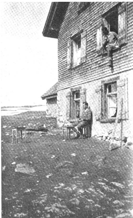
Zwei, die sich sonnen
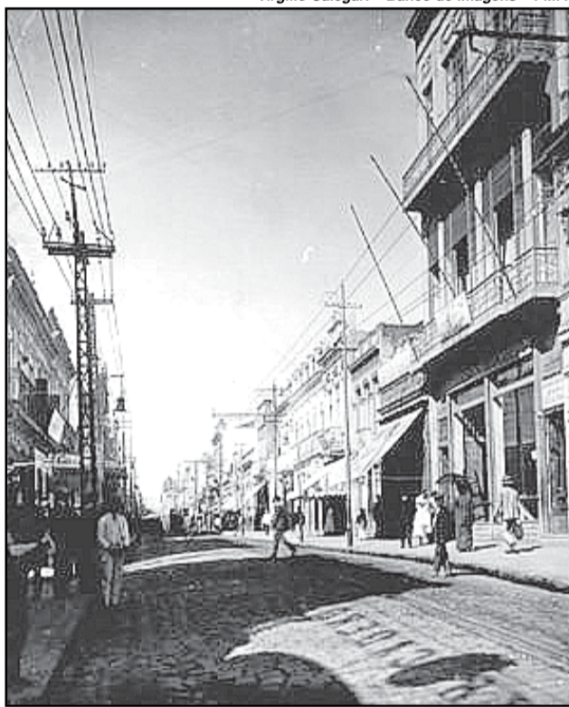
Rua da Praia: década de 10 do século 20

Em 1808, o Príncipe D. João elevou-a à categoria de Vila.
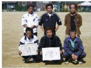
面影地区ペタンク・ソフトバレー大会で優勝した選手の皆さん

10月17日(日)に行なわれた面影地区ペタンク・ソフトバレー大会で2種目とも優勝しました。ソフトバレーは、決勝で正蓮寺チームを破っての優勝。ペタンクは、3チーム出場して、そのうちの2チームが決勝に進出するという快挙を達成しての初優勝でした。改めて「面影1丁目」の強さを印象づけた1日でした。又、11月21日に行なわれたバドミントン大会は健闘しましたが、接戦の末、大枚1区に破れ惜しくも入賞は逃しました。

+ + + +

§ **Task prompt**
Each line from the one that holds "Em 1808, o Príncipe" through the end of the entries must be returned exactly, while any pictures stay out.

§ **Output for this exercise**
Em 1808, o Príncipe D. João elevou-a à categoria de Vila.
面影地区ペタンク・ソフトバレー大会で優勝した選手の皆さん

10月17日(日)に行なわれた面影地区ペタンク・ソフトバレー大会で2種目とも優勝しました。ソフトバレーは、決勝で正蓮寺チームを破っての優勝。ペタンクは、3チーム出場して、そのうちの2チームが決勝に進出するという快挙を達成しての初優勝でした。改めて「面影1丁目」の強さを印象づけた1日でした。又、11月21日に行なわれたバドミントン大会は健闘しましたが、接戦の末、大枚1区に破れ惜しくも入賞は逃しました。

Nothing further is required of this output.